● **Exercise description**:
Find "- Top: P V Cotton" in the material below, then copy that line and every subsequent line to the end, exactly.

● **Exercise data**:
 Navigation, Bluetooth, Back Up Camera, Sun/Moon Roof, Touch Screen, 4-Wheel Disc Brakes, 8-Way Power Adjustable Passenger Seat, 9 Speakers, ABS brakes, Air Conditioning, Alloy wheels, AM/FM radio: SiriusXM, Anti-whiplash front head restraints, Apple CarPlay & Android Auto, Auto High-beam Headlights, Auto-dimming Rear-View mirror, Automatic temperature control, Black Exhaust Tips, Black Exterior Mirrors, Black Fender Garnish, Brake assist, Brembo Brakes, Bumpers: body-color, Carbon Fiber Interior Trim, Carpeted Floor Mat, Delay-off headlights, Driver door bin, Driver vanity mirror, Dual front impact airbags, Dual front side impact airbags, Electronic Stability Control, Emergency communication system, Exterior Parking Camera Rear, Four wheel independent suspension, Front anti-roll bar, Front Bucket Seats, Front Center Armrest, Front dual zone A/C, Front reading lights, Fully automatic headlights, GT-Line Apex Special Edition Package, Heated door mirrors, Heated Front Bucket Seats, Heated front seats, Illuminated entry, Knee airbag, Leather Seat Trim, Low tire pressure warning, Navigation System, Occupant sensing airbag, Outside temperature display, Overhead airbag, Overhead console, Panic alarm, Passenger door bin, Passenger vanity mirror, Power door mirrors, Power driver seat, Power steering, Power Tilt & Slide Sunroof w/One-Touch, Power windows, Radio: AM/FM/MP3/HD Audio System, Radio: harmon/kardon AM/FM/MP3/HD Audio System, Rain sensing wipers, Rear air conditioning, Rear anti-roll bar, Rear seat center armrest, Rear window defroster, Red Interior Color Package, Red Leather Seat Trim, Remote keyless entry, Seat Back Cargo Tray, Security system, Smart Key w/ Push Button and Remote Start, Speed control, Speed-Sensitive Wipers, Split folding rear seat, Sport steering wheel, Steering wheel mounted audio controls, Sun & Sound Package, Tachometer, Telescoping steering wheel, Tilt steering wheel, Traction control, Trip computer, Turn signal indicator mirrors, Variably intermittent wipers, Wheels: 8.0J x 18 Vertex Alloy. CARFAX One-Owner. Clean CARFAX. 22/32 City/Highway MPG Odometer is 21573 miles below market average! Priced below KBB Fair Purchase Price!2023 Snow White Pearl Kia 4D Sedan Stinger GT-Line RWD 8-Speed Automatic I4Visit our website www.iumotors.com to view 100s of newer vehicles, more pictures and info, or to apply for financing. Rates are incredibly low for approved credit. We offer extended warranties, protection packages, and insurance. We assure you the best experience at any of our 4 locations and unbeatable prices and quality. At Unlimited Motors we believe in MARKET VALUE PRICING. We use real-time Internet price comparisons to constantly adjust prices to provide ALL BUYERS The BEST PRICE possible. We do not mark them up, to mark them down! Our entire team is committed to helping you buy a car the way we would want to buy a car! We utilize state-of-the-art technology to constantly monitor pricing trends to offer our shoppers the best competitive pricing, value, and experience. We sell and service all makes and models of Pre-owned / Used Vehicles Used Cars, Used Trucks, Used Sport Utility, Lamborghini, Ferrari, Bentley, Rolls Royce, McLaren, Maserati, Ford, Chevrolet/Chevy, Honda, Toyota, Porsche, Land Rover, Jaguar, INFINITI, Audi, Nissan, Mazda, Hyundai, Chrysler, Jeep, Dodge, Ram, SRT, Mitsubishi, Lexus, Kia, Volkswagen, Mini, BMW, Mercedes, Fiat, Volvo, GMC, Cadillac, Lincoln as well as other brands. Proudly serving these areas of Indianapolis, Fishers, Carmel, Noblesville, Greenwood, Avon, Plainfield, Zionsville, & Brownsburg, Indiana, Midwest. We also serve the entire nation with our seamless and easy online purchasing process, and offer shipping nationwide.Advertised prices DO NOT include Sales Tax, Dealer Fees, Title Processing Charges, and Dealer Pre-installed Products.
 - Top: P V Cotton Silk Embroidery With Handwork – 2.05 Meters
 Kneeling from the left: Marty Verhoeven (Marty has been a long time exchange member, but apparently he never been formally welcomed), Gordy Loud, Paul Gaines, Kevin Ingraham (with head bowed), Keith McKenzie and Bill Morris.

● **Response**:
 - Top: P V Cotton Silk Embroidery With Handwork – 2.05 Meters
 Kneeling from the left: Marty Verhoeven (Marty has been a long time exchange member, but apparently he never been formally welcomed), Gordy Loud, Paul Gaines, Kevin Ingraham (with head bowed), Keith McKenzie and Bill Morris.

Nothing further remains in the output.